Her early work is strongly influenced by the philosophy of the Hillside Club of which she was a founding member. The Club promoted a rustic architecture to enhance the natural setting of the North Side of Berkeley. The ideas were published in 1904 by Charles Keeler in a booklet The Simple Home.

After the 1923 Berkeley Fire, Lilian Bridgman was among the architects involved in the rebuilding of Berkeley. She used the Hotel Whitecotton as a meeting place with clients. The Fire led to a change in building materials from shingled walls and cedar shake roofs to the use of stucco and tile roofs which can also be observed in the architecture of Bridgman.

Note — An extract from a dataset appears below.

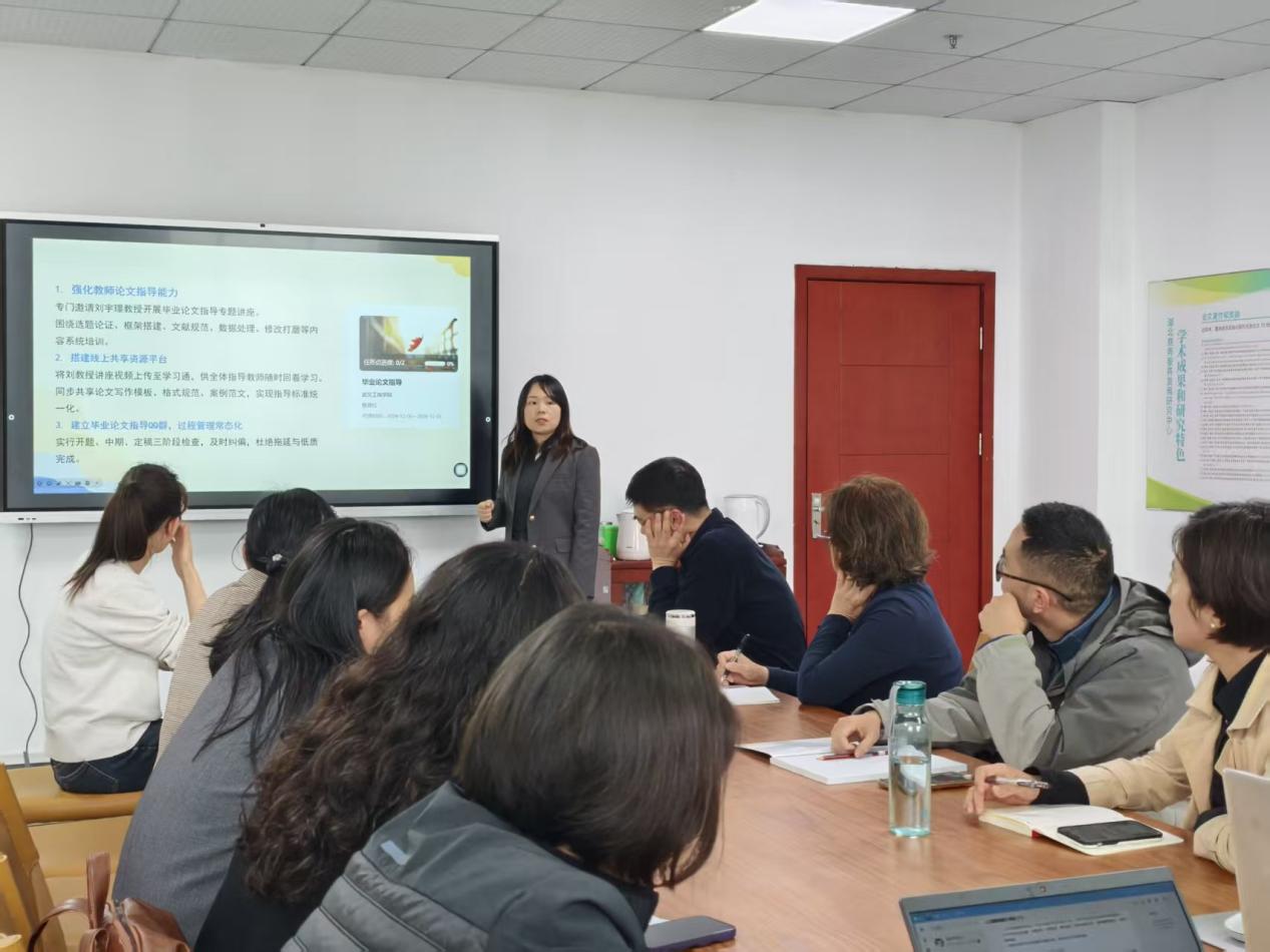 随后,人力资源管理系副主任邓君详细汇报了人力系毕业论文工作进展情况。重点介绍了选题把关、指导过程、能力建设等内容,包括将论文导读与写作课程从选修变为必修等创新做法,精准点出选题同质化、学生写作基础薄弱、AI工具使用不规范等核心问题。

Lilian Bridgman not only contributed to the environment of Berkeley with her simple and harmonious houses, but was also involved in the community and lectured to educate the public about building homes. One example is her lecture Art in House Building in Relation to the Community and to Purposes of a Home which she presented to the College Women's Club. She was also active in the Association of Collegiate Alumnae (now the Association of American University Women AAUW) and the National Housing Association and served on their national committees.

== Bridgman's Work ==

Some of her houses, a few with built-in furniture, are:
- Lilian Bridgman House, 1715 La Loma Avenue, Berkeley (with architects Bernard Maybeck and William Knowles, 1899-1900)
- Lilian Bridgman Studio, 1715A La Loma Avenue, Berkeley (1908)
- Mary Blossom Davidson House, 1404 Le Roy Avenue, Berkeley, (1918)
- Milicent Washburn Shinn House, 1119 Mowry Avenue, Fremont (1918)
- Professor and Mrs. Frederic T. Bioletti House, 2440 Martinez Avenue, Berkeley (1920)
- Kate Rawlinson Gompertz, M.D. House, 1236 Bonita Avenue, Berkeley, (1920)
- Jennie Vennerstrom Cannon Studio, 1629 La Vereda Avenue, Berkeley (1922)
- J.C. Dort House, 2511 Hill Court, Berkeley, (1922)
- Mr. and Mrs. Frederic T. Bioletti, 1020 Cragmont Avenue, Berkeley, (1922–23) rebuilding of the original house destroyed in the 1923 Fire.
- Mary Blossom Davidson House, rebuilding of the original after the 1923 Fire,(1924)
- Hill House, Jewelry Workshop for Susan L. Hill, 3132 Eton Avenue (near Garden), Berkeley, (1924)
- LeRoy Stephens ranch house, 13581 Robleda Road, Los Altos Hills, (1925)
- Dr. Clarence Wills hunting lodge (now Rancho Diablo), Upper Valley Happy Road, Lafayette, (early 1930s)
- Mrs. J.H. Barker House, 3872 Cerrito Street, Oakland, (1931)
- Bioletti Studios, 2661-63 LeConte Avenue, Berkeley, (1939)
There are more houses, additions, workshops and other accessory buildings shown on architectural drawings and photographs in the Lilian Bridgman papers of the Bancroft Library which could not be located, dated or determined whether they were actually built.

Some of her writings are:
- Various pieces of prose in the Overland Monthly, August 1892, pp. 206–213; September 1894, pp. 311–14; January 1895, pp. 77–88; March 1895, pp. 301–09; April 1896, pp. 402–11; February 1898, pp. 137–141.
- "Lost Prairie." Harper's Magazine, ca. 1910.
- "Spirit and Flesh." Century Magazine, ca. 1899.
- "To A Wayfarer." Harper's Magazine, February 1906.